The Karatepe-Aslantaş Open Air Museum was opened mostly thanks to Çambel's contributions.

Istanbul University’s retired academic and writer Professor Halet Çambel, who was the pioneer of the Turkish archaeological world, was found dead in her home Jan. 12. She was 98. 

Delivering a message on her death, the Culture and Tourism Minister Ömer Çelik expressed his deep sadness for losing Çambel. “We will always remember Çambel for the structures she brought in the history of mankind and the valuable people whom she trained,” he said. 

Born in Berlin on Aug. 27, 1916, Çambel received undergraduate training in archaeology at the Sorbonne University in Paris and received a doctorate in 1940 from the University of Istanbul. She competed in the women’s individual foil event at the 1936 Summer Olympics, becoming the first Muslim woman ever to compete in the Olympics. She was also a member of the German Archaeology Institute.
In Hittite history studies, initiated with the order of Mustafa Kemal Atatürk, Çambel worked in the Hittite city of Çorum-Hattusa excavations and was a part of the team that discovered thousands of tablets in Hattusa.

HDN

Halet Çambel received the Culture and
Arts Grand Award from President
Abdullah Gül in 2011. 

Çambel made great contributions to the opening of Turkey’s first open-air museum, the Karatepe Aslantaş Open Air Museum in Osmaniye’s Kadirli district. The site is also part of the Karatepe-Aslantaş National Park.

After the site was discovered in 1946, it was excavated between 1947 and 1957 by a team led by Çambel and German professor Helmuth Bossert. Restoration was then carried on for many years, which included some further findings. Çambel spent much of her life in this tumulus. She played a key role in understanding of Hittite hieroglyphics by discovering a tablet with the Phoenician alphabet, which allowed philologists to decipher inscriptions. 
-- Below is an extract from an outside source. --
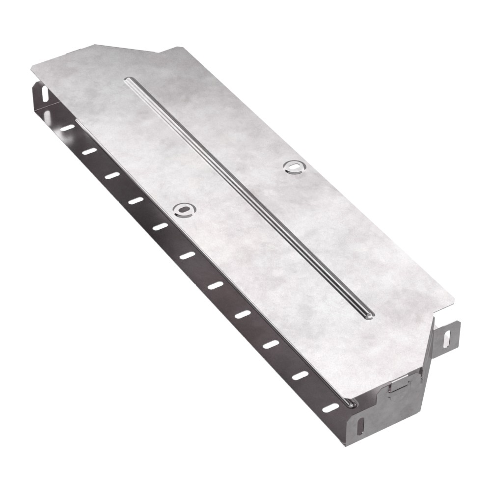 Аксессуары изготовленные из стали с защитным покрытием по методу Сендзимира – это изделия, на которых защитное цинковое покрытие было нанесено на листовую сталь перед изготовлением. Толщина защитного покрытия варьируется от 10 до 22мкм. Климатическое исполнение изделий УХЛ2, что предусматривают эксплуатацию в помещении и под навесом, при температуре эксплуатации от -80 до +150°С. Переходник симметричный предназначен для перехода с одной ширины лотка на другую. В комплект входит крышка.
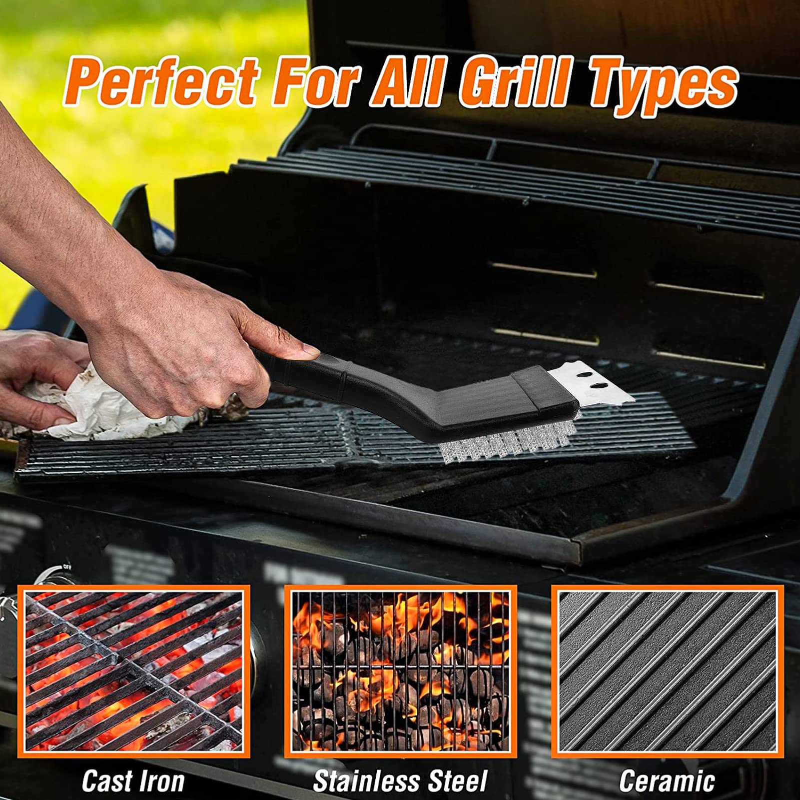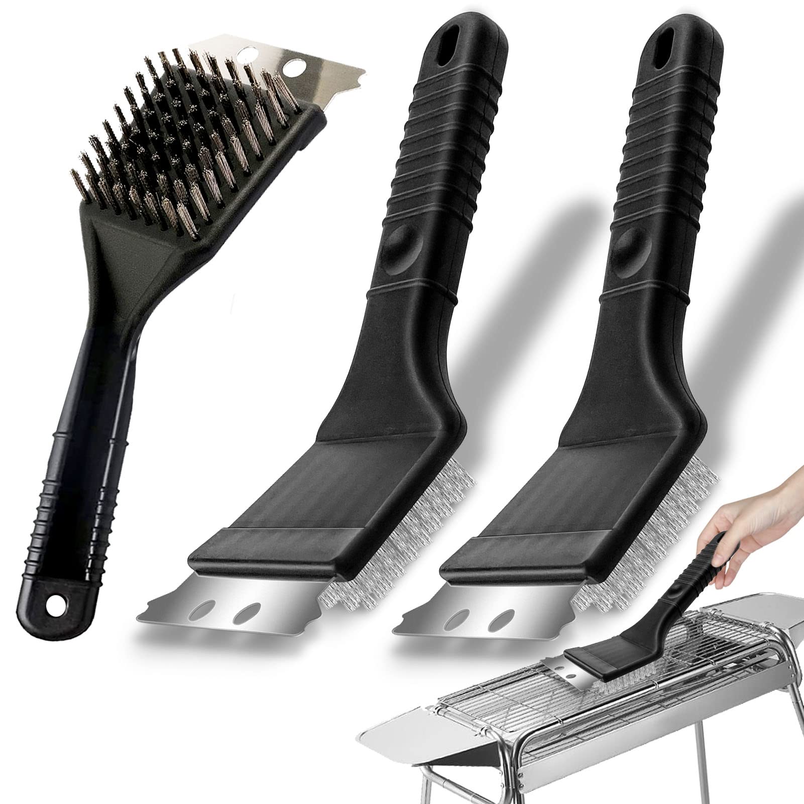 Grill-Saison ohne Putzstress! Dieses 2er Set Grillbürsten von PIWOSGOL macht deinen Grillrost blitzblank. Die 3-in-1 Funktion kombiniert Drahtbürste, Schaber und Reinigungskopf in einem. Aus hochwertigem Edelstahl - rostfrei und hitzebeständig. Die dreieckige Form erreicht auch Ecken und Rundungen. Mit 30,5cm langem, wärmeisoliertem Griff für sicheres Putzen. Perfekt für Gas-, Holzkohle- und Elektrogrills. Mit zwei Bürsten im Set hast du immer eine Reserve parat oder kannst eine für Gäste bereitlegen. Einfache Reinigung, lange Freude am Grillen!

Although he was not an architect, Çambel’s husband Nail Çakırhan was deemed worthy of the Aga Khan Award for Architecture, which was established by Aga Khan IV in 1977, because of his success in the restoration of this excavation site. 

Culture & Arts Grand Award 

Recipient of Culture & Arts Grand Award There is also a school with Çambel’s name in Kadirli. For many years, she worked at educating villagers living around the tumulus. 

The Culture and Tourism Ministry presented Çambel the Culture and Arts Grand Award in 2010. She was deemed worthy of the award along with Professor Nimet Özgüç because of her achievements in the field of archaeology and her great contributions to the science of archaeology. She received her award from President Gül at a ceremony in February 2011. 

A ceremony will be held for Çambel today at the Istanbul University Faculty of Literature. Her funeral ceremony will be held tomorrow in her village in the western province of Muğla and she will be buried next to her husband, who died in 2008.